─── Provided records ───

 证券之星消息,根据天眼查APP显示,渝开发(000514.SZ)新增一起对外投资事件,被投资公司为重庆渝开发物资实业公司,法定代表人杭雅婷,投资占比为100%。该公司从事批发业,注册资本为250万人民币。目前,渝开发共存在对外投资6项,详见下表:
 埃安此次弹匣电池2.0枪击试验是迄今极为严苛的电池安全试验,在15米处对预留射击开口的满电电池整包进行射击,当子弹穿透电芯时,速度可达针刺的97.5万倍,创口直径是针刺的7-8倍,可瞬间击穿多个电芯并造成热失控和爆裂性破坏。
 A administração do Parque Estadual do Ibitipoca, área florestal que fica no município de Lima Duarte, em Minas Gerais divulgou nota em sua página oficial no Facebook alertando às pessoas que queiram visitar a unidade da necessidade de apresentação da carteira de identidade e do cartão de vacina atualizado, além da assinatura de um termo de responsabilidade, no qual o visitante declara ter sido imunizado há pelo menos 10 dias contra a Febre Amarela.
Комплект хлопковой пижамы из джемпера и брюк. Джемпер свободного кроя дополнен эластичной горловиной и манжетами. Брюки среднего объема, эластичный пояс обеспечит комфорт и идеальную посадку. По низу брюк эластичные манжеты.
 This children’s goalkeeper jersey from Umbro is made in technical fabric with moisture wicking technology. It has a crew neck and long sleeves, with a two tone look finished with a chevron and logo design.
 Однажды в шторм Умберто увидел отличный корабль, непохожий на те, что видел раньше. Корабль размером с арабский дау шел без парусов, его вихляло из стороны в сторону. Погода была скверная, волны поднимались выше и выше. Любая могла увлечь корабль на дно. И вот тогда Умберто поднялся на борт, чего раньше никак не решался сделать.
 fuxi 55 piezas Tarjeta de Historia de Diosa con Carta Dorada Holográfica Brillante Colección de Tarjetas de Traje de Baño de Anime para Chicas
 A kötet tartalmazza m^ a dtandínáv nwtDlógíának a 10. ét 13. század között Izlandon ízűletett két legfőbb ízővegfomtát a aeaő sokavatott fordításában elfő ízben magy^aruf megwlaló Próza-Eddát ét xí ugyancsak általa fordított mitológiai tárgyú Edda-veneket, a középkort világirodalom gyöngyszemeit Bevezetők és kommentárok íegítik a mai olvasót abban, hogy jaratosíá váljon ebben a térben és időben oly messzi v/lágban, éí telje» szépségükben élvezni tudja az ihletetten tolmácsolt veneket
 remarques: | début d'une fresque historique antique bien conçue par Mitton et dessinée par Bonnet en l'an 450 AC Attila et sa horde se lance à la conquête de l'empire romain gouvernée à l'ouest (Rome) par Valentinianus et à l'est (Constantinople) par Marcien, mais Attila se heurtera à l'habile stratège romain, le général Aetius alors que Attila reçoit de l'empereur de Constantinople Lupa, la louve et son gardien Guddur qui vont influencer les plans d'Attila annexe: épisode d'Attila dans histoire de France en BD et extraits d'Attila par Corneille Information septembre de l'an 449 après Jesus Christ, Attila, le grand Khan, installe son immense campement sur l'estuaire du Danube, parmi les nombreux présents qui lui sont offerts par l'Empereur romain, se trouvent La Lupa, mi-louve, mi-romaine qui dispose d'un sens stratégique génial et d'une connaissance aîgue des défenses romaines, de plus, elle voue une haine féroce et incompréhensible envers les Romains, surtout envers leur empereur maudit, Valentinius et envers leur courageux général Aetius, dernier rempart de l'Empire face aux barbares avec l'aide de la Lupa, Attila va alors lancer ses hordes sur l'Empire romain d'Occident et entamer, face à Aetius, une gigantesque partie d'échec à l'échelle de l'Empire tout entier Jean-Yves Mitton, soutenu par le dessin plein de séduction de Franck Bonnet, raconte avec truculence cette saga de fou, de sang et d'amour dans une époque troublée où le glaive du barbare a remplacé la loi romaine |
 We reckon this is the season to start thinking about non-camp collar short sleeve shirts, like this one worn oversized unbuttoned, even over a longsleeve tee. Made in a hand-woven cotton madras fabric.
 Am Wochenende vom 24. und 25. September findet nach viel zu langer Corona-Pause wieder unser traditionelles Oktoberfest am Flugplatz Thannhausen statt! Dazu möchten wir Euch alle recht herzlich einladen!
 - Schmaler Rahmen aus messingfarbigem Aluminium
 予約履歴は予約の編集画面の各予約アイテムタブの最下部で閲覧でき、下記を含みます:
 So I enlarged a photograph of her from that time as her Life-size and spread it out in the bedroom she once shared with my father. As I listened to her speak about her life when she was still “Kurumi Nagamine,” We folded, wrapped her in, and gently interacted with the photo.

───

What you need to do: Copy out every line from the records that has the word "about".

Solution for this problem:
 We reckon this is the season to start thinking about non-camp collar short sleeve shirts, like this one worn oversized unbuttoned, even over a longsleeve tee. Made in a hand-woven cotton madras fabric.
 So I enlarged a photograph of her from that time as her Life-size and spread it out in the bedroom she once shared with my father. As I listened to her speak about her life when she was still “Kurumi Nagamine,” We folded, wrapped her in, and gently interacted with the photo.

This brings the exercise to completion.